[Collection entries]
________________________________________

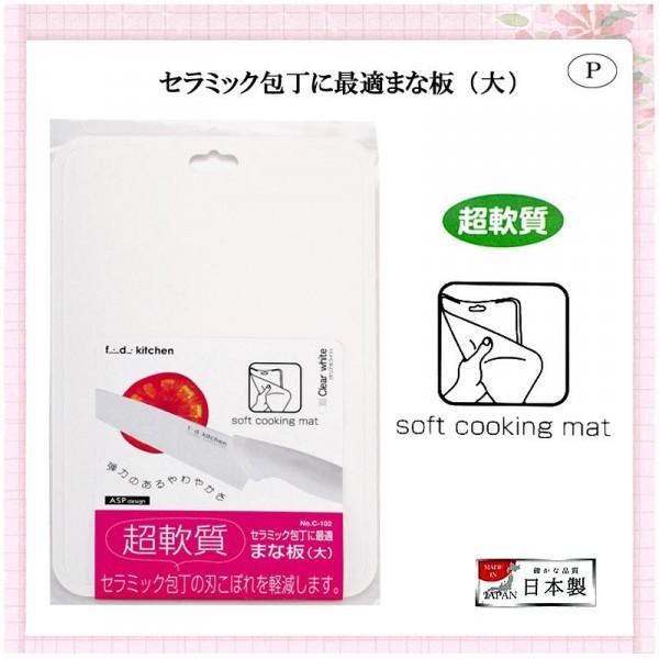 fk094igrjsセラミック包丁の刃こぼれを軽減します超軟質タイプ サイズ (約)縦390×横260×厚さ2mm 個装サイズ:27×1×42cm 重量 個装重量:220g 素材・材質 エラストマー(耐熱温度70度)・ポリプロピレン(耐熱温度70度) 製造国 日本 セラミック包丁に最適なまな板 セラミック包丁の刃こぼれを軽減します超軟質タイプ
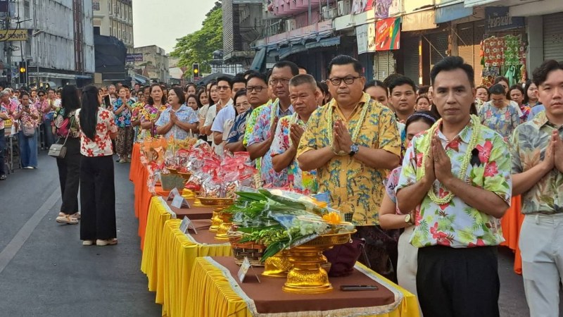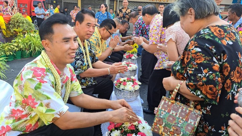 โดยขอให้ทุกคนมีความสุขในเทศกาลปีใหม่ไทยและเล่นน้ำสงกรานต์กันอย่างมีสติ พร้อมกับขอให้ผู้ที่จะต้องเดินทางกลับไปทำงานก็ขอให้เดินทางด้วยความปลอดภัย ใช้รถ ใช้ถนนด้วยความระมัดระวังปฏิบัติตามกฎหมายจราจร จากนั้นผู้ร่วมพิธีได้ร่วมกันทำบุญตักบาตรข้าวสารอาหารแห้งแด่พระสงฆ์ สามเณร และรับน้ำพระพุทธมนต์ หลังจากนั้นผู้ว่าราชการจังหวัดลพบุรีได้นำผู้ร่วมพิธีสรงน้ำพระและรดน้ำขอพรผู้ว่าราชการจังหวัดลพบุรี
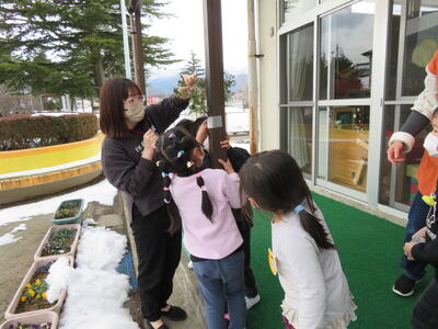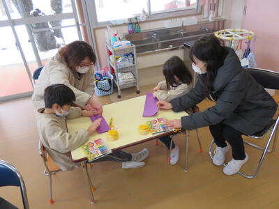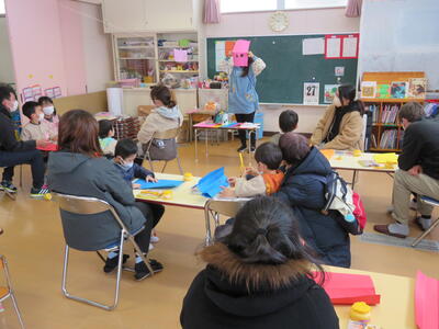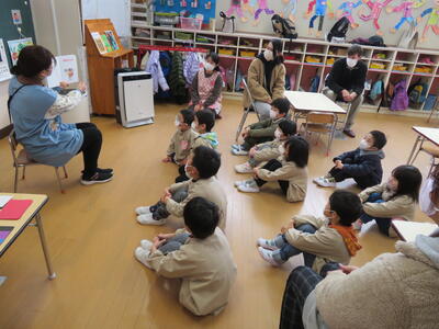 寒い中でしたが、保護者の皆様においでいただき、保育の様子をみていただきました。
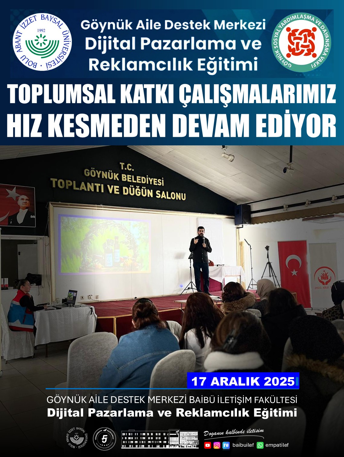 TOPLUMSAL KATKI ÇALIŞMALARIMIZ KAPSAMINDA GÖYNÜK AİLE DESTEK MERKEZİNDE DİJİTAL PAZARLAMA VE REKLAMCILIK EĞİTİMİ GERÇEKLEŞTİRDİK
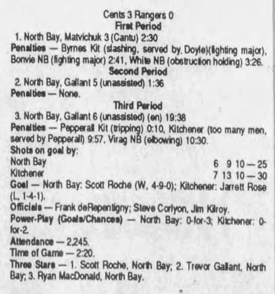 November 2 1995- Kitchener @ North Bay
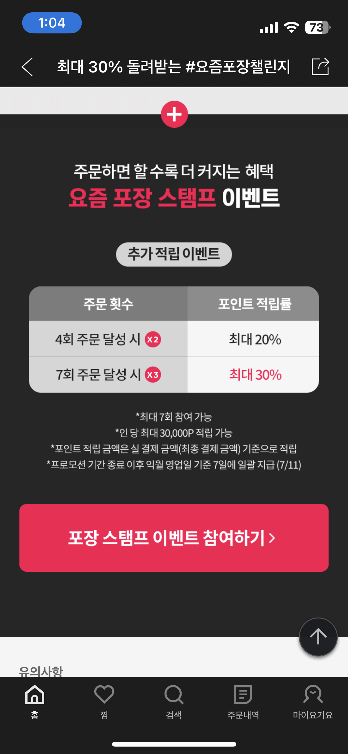 포장 횟수에 따라서 최대 30프로까지 적립이 가능하다.
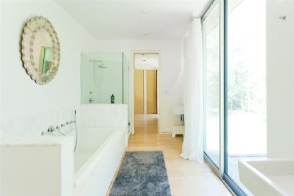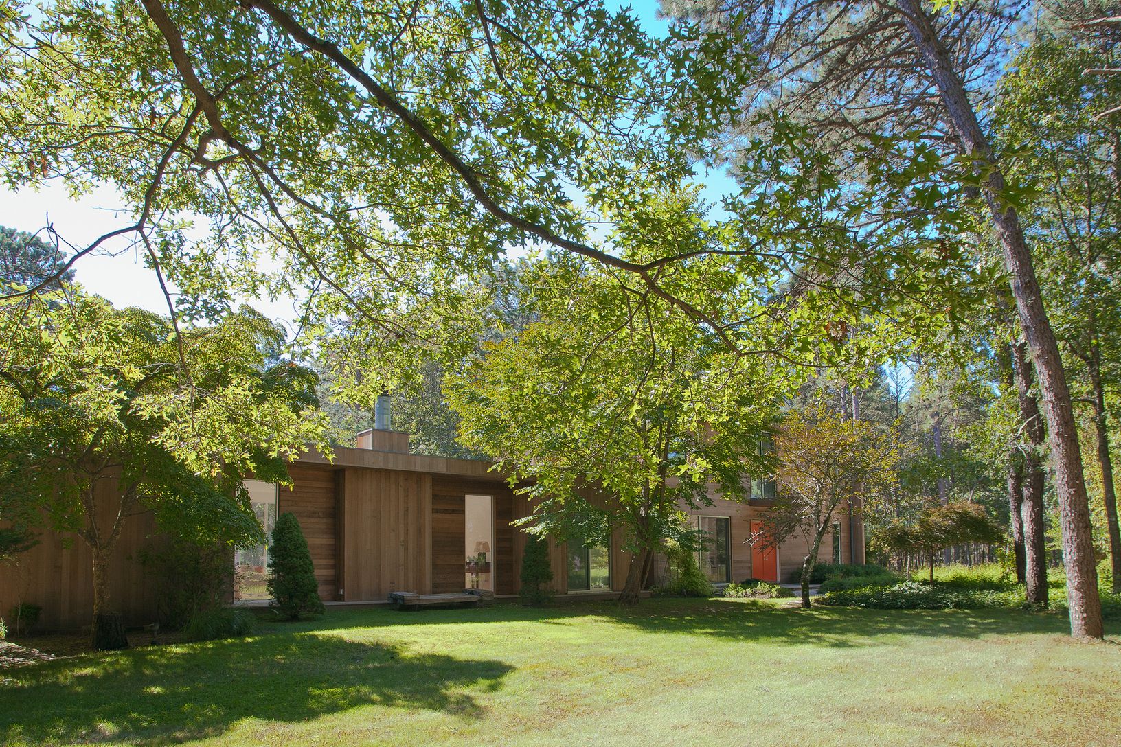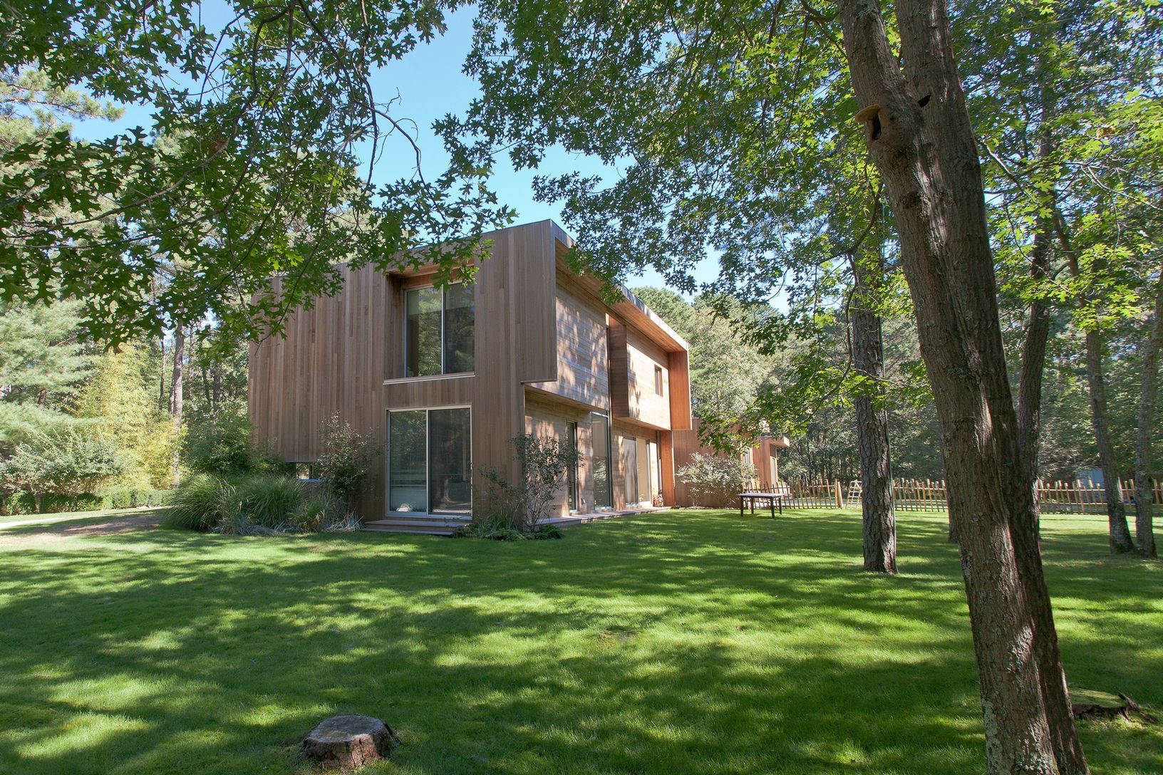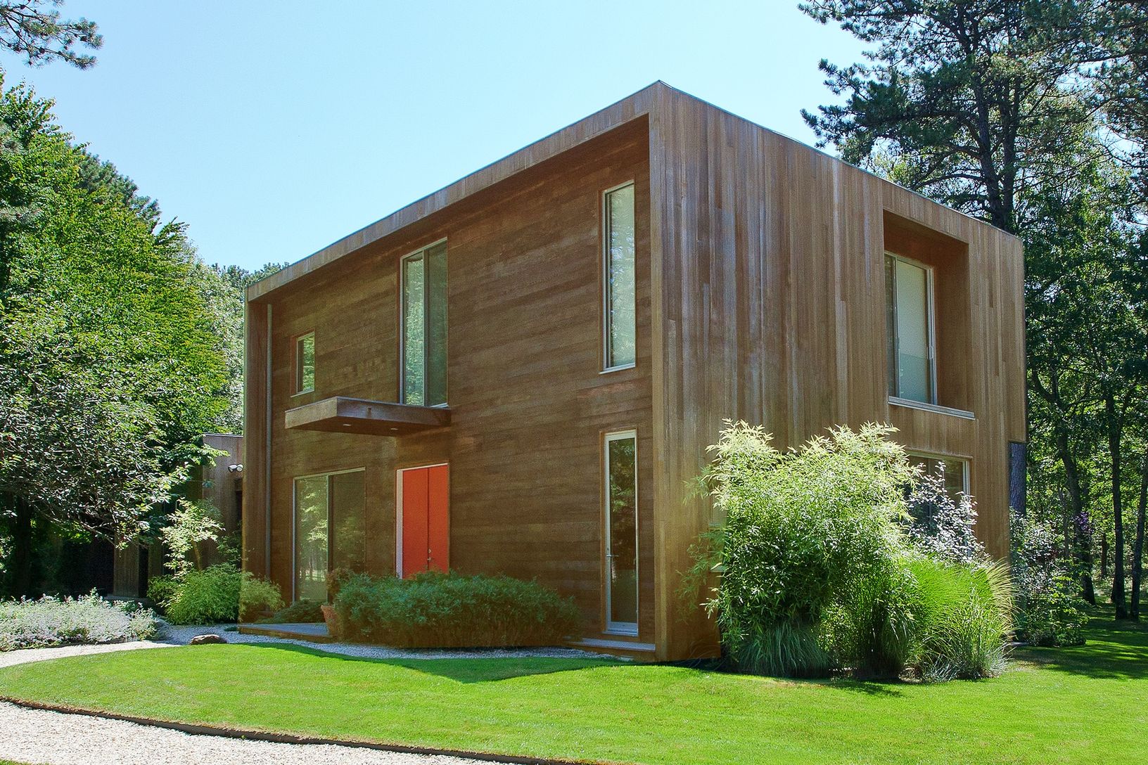 Set on 2+/- beautifully landscaped acres down a long private driveway, this 4000+/- sq. ft. minimalist European designed house is minutes from Sag Harbor Village, bay beaches and East Hampton. Framed by specimen trees, willowy grasses and large expanses of manicured lawn, the 4 bedroom 3 and a half bath house is clad in select grade cedar and has white oak floors throughout. The living room features double height ceilings and floor to ceiling

________________________________________

__Task to carry out__
Each record is to be copied word for word, with no images carried over.

__Finished exercise__
 fk094igrjsセラミック包丁の刃こぼれを軽減します超軟質タイプ サイズ (約)縦390×横260×厚さ2mm 個装サイズ:27×1×42cm 重量 個装重量:220g 素材・材質 エラストマー(耐熱温度70度)・ポリプロピレン(耐熱温度70度) 製造国 日本 セラミック包丁に最適なまな板 セラミック包丁の刃こぼれを軽減します超軟質タイプ
 โดยขอให้ทุกคนมีความสุขในเทศกาลปีใหม่ไทยและเล่นน้ำสงกรานต์กันอย่างมีสติ พร้อมกับขอให้ผู้ที่จะต้องเดินทางกลับไปทำงานก็ขอให้เดินทางด้วยความปลอดภัย ใช้รถ ใช้ถนนด้วยความระมัดระวังปฏิบัติตามกฎหมายจราจร จากนั้นผู้ร่วมพิธีได้ร่วมกันทำบุญตักบาตรข้าวสารอาหารแห้งแด่พระสงฆ์ สามเณร และรับน้ำพระพุทธมนต์ หลังจากนั้นผู้ว่าราชการจังหวัดลพบุรีได้นำผู้ร่วมพิธีสรงน้ำพระและรดน้ำขอพรผู้ว่าราชการจังหวัดลพบุรี
 寒い中でしたが、保護者の皆様においでいただき、保育の様子をみていただきました。
 TOPLUMSAL KATKI ÇALIŞMALARIMIZ KAPSAMINDA GÖYNÜK AİLE DESTEK MERKEZİNDE DİJİTAL PAZARLAMA VE REKLAMCILIK EĞİTİMİ GERÇEKLEŞTİRDİK
 November 2 1995- Kitchener @ North Bay
 포장 횟수에 따라서 최대 30프로까지 적립이 가능하다.
 Set on 2+/- beautifully landscaped acres down a long private driveway, this 4000+/- sq. ft. minimalist European designed house is minutes from Sag Harbor Village, bay beaches and East Hampton. Framed by specimen trees, willowy grasses and large expanses of manicured lawn, the 4 bedroom 3 and a half bath house is clad in select grade cedar and has white oak floors throughout. The living room features double height ceilings and floor to ceiling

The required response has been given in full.